▸ Exercise objective
Quote, word for word, the line containing "Department of Homeland" and all lines that follow it to the end of the records, with no pictures.

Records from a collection
• • • •

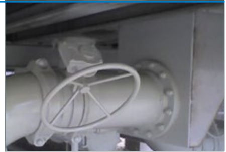
Figure 3. Side Outlet Depressed Sump Box

This option is offered to facilitate horizontal piping below the cold water basin of a unit, and is a compact alternative to using an elbow in the piping arrangement, saving installation time and cost ( Figure 3 ).
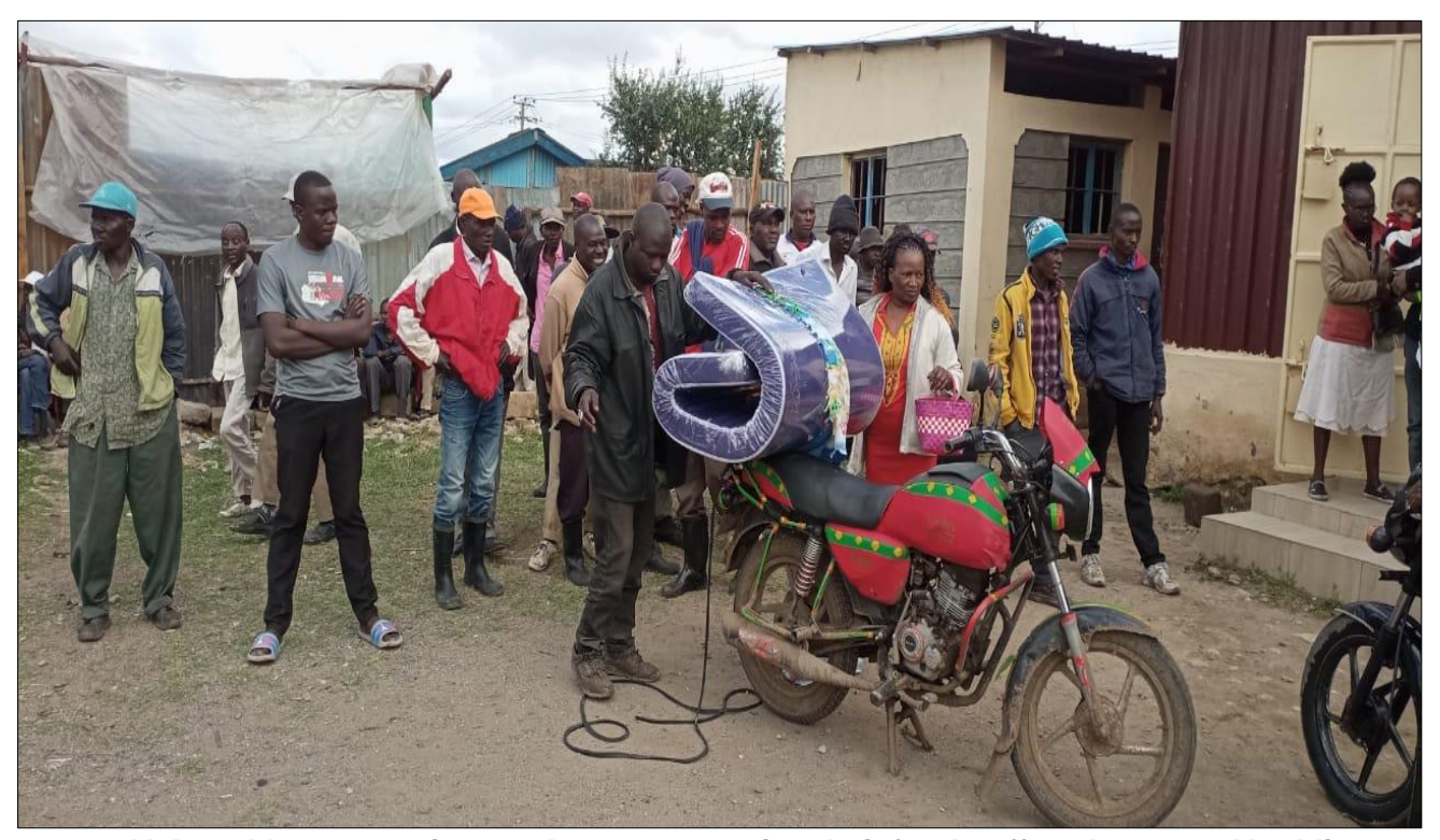
10.0 Vulnerable community members transporting their foodstuff packages and bedding materials to their homes
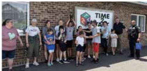
Visited Day Camp at Time To Talk LLC

The Department enjoys interacting with the community. Below are some of the events the Police Department has participated in.
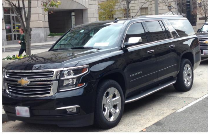
Department of Homeland Security (DHS) SUV executive fleet vehicle in Washington DC, purchased with an approved waiver from the General Services Administration (GSA).

GAO-17-426
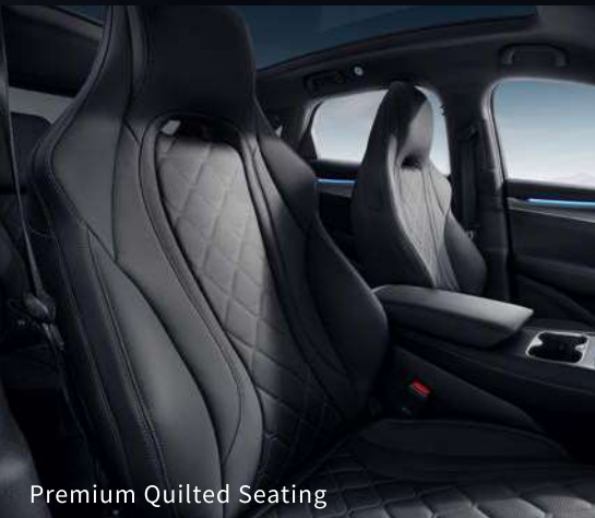
Premium Quilted Seating

BYD SEALION 7 embodies a bold vision of electric mobility with its sleek lines and commanding stance. Every detail, from the fluid design to the thoughtfully spacious interior, is designed to elevate the driving experience. Merging cutting-edge technology with a refined sense of style, the BYD SEALION 7 delivers not just performance, but an unmatched journey that redefines what an electric SUV can be.

• • • •

▸ Reply
Department of Homeland Security (DHS) SUV executive fleet vehicle in Washington DC, purchased with an approved waiver from the General Services Administration (GSA).

GAO-17-426
Premium Quilted Seating

BYD SEALION 7 embodies a bold vision of electric mobility with its sleek lines and commanding stance. Every detail, from the fluid design to the thoughtfully spacious interior, is designed to elevate the driving experience. Merging cutting-edge technology with a refined sense of style, the BYD SEALION 7 delivers not just performance, but an unmatched journey that redefines what an electric SUV can be.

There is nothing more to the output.